◆ **What needs to be done**: Reproduce the entries below exactly, but only from the line containing "F.30: 53 green" to the line containing "Als spekslager leer", inclusive.
*** Material provided ***
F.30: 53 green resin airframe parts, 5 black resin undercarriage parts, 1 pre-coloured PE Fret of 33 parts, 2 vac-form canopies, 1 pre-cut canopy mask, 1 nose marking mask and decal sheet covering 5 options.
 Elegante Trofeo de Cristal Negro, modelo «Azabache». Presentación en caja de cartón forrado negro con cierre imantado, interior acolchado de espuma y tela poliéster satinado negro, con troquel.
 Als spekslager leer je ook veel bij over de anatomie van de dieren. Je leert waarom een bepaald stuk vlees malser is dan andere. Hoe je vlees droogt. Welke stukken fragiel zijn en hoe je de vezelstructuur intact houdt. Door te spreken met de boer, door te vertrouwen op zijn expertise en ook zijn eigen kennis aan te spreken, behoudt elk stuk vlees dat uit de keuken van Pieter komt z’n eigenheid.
*** End of Material provided ***
*** Material provided ***
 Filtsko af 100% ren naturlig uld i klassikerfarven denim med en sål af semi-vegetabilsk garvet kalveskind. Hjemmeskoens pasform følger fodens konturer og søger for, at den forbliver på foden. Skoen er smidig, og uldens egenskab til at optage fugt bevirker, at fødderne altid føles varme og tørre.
*** End of Material provided ***
◆ **Task answer**:
F.30: 53 green resin airframe parts, 5 black resin undercarriage parts, 1 pre-coloured PE Fret of 33 parts, 2 vac-form canopies, 1 pre-cut canopy mask, 1 nose marking mask and decal sheet covering 5 options.
 Elegante Trofeo de Cristal Negro, modelo «Azabache». Presentación en caja de cartón forrado negro con cierre imantado, interior acolchado de espuma y tela poliéster satinado negro, con troquel.
 Als spekslager leer je ook veel bij over de anatomie van de dieren. Je leert waarom een bepaald stuk vlees malser is dan andere. Hoe je vlees droogt. Welke stukken fragiel zijn en hoe je de vezelstructuur intact houdt. Door te spreken met de boer, door te vertrouwen op zijn expertise en ook zijn eigen kennis aan te spreken, behoudt elk stuk vlees dat uit de keuken van Pieter komt z’n eigenheid.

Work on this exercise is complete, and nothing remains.